Once the puzzle is laid out before you, take all the border pieces and make room to put together the frame. Then, take the four corner pieces and start from there. Having the border done first allows you to see the size and, basically, where the pieces will go (sky, ocean, dolphins). It would make things easy if you do the sky first and then work down the sides and then the bottom.
You will now have your frame done, with the sky at the top and the ocean at the bottom. The third and final step is the hardest, but has been made easier by step two. This third step is the hardest because it is completing the last 850 pieces. There are ways to make this easier, too. Now you need to go back through all the pieces and put these into catagories. For the scenery puzzle you should have three sections: the sky, the ocean, and the dolphins.

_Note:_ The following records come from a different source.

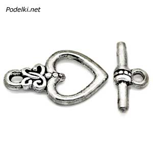 Тогл Сердце изящное 0002618 серебряный цвет 21x13 мм (застежка 17x7 мм)
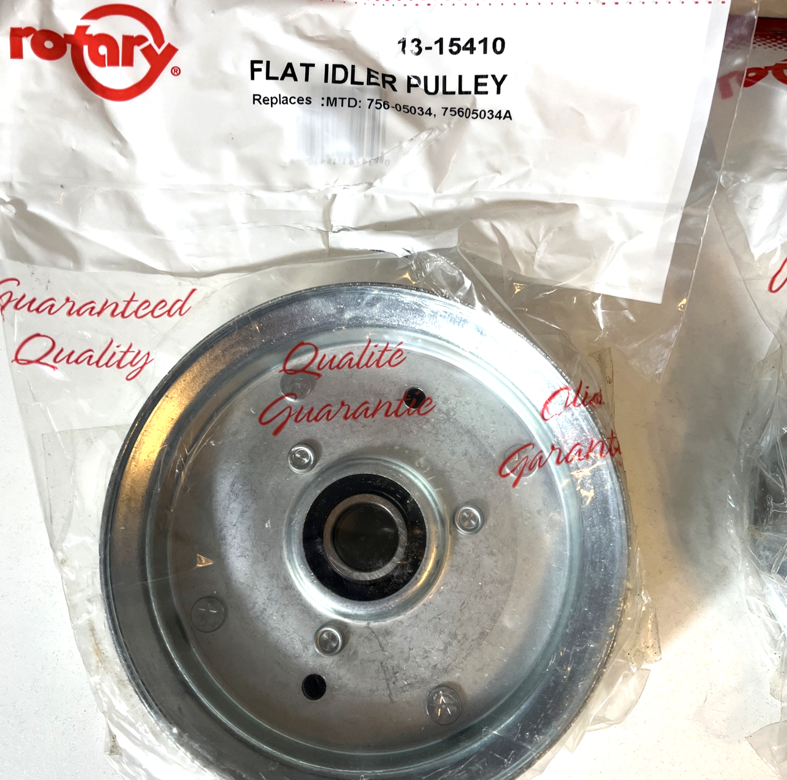 Rotary outdoor power equipment service parts #13-15410 flat Idler pulley replaces MTD 756-05034, 75605034A. Pulley is new in package
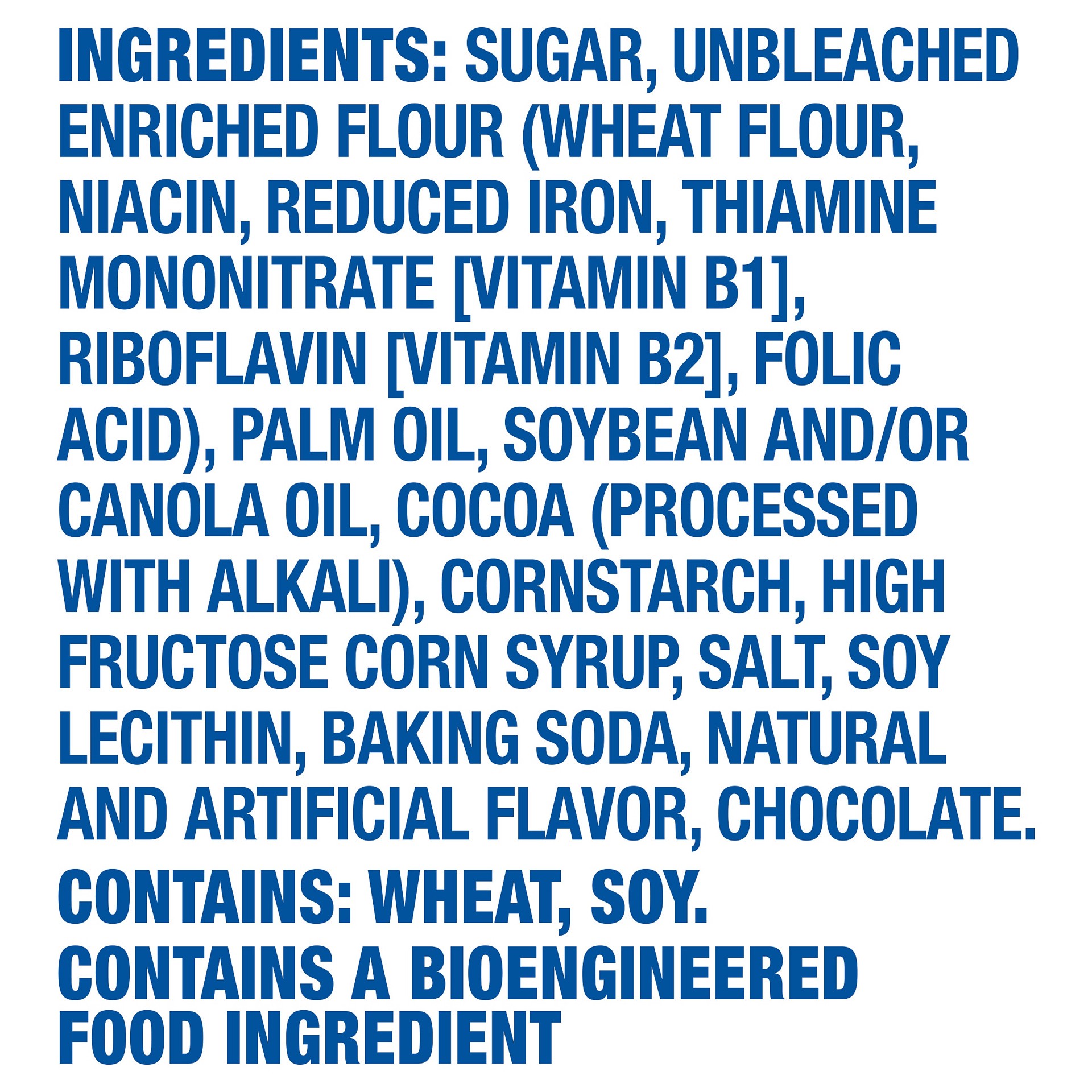 INGREDIENTS: SUGAR, UNBLEACHED ENRICHED FLOUR (WHEAT FLOUR, NIACIN, REDUCED IRON, THIAMINE MONONITRATE [VITAMIN B1], RIBOFLAVIN [VITAMIN B2], FOLIC ACID), PALM OIL, SOYBEAN AND/OR CANOLA OIL, COCOA (P…

You should be able to distinguish these pieces because of the color differences. Once you have divided the pieces into three sections you pick one pile and put the others aside to make more room. Take the pile and spread it out to where you can see all the pieces. Now, for this part you have to be on your own, fitting them together. There are tips for this, too, but it is mostly preference; such as going row by row, or fitting pieces together before you even put them in the puzzle. No matter how you work make sure it is fun and relaxing.

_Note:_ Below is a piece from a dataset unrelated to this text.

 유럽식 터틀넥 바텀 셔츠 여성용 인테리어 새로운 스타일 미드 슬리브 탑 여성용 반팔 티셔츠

Once you have one section done move on to the next. The best thing to do may be the dolphins in the first of second section, they will allow you to see where the middle is (the middle is always the hardest). After you do the three sections you should be done unless you are a sloppy puzzle person and drop pieces on the floor. If you follow the three steps on having fun, putting together the border, than the inside, your masterpiece should be complete. Now decide the next step to take. If you choose to put it on the wall, please do not try and glue piece by piece, that gets messy and it's easy to make a mistake.
If you just want to put the puzzle back in the box, take the puzzle apart and put it in the box. Be careful. If you decide to violently put it up with one sweep of the hand, pieces will go everywhere. If you lose one piece it is no longer a puzzle, it is 999 pieces of cardboard, and once costing eight dollars at Walmart can't even sell for fifty cents at a yard sale. No matter what steps you remember or how you decide to do your puzzle, if you can't make it past step one there is no reason to finish.